What Are AI Agents & How Do They Work?


Behind the Scenes: What Happens When You Enter Google.com

Most of us hit Enter and expect the page to load instantly, but under the hood, a surprisingly intricate chain of events fires off in milliseconds.

Here’s a quick tour of what actually happens:

  1. The journey starts the moment you type “google. com” into the address bar.

  2. The browser checks everywhere for a cached IP: Before touching the network, your browser looks through multiple cache layers, browser cache, OS cache, router cache, and even your ISP’s DNS cache.
    A cache hit means an instant IP address. A miss kicks off the real journey.

  3. Recursive DNS resolution begins: Your DNS resolver digs through the global DNS hierarchy:
    - Root servers
    - TLD servers (.com)
    - Authoritative servers for google. com

  4. A TCP connection is established: Your machine and Google’s server complete the classic TCP 3-way handshake:
    - SYN → SYN/ACK → ACK
    Only after the connection is stable does the browser move on. TLS handshake wraps everything in encryption. By the end of this handshake, a secure HTTPS tunnel is ready.

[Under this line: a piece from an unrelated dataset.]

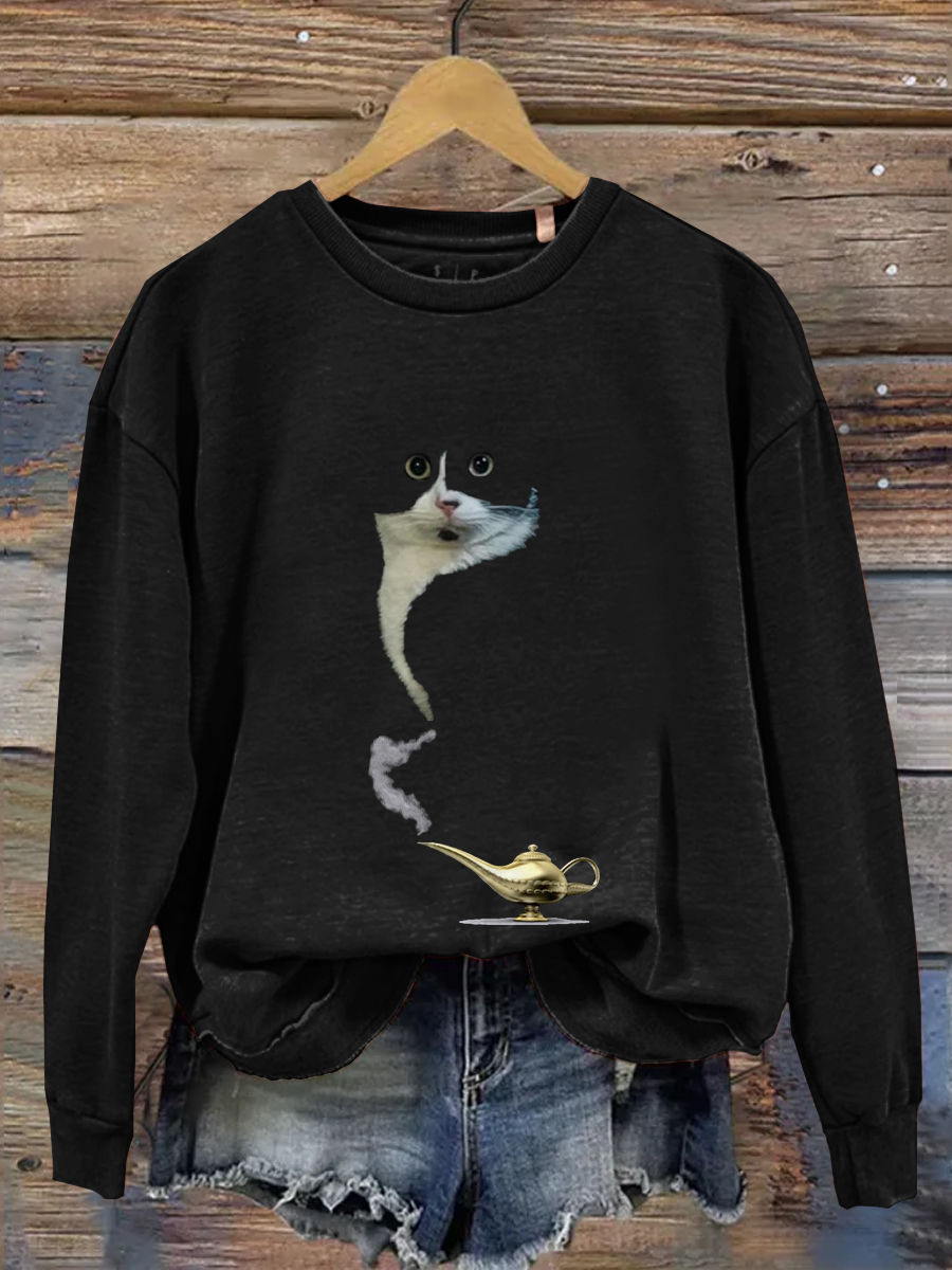 Vintage Cute Cat Art Print Casual Cotton Shirt

  5. The actual HTTP request finally goes out: Google processes the request and streams back HTML, CSS, JavaScript, and all the assets needed to build the page.

  6. The rendering pipeline kicks in:
    Your browser parses HTML into a DOM tree, CSS into a CSSOM tree, merges them into the Render Tree, and then:
    - Lays out elements
    - Loads and executes JavaScript
    - Repaints the screen

    8. The page is fully loaded.
    Over to you: What part of this journey was most surprising the first time you learned how browsers work?


Understanding the Linux Directory Structure

  • The root directory “/” is the starting point of the entire filesystem. From there, Linux organizes everything into specialized folders.

  • “/boot” stores the bootloader and kernel files, without it, the system can’t start.

  • “/dev” holds device files that act as interfaces to hardware.

  • “/usr” contains system resources, libraries, and user-level applications.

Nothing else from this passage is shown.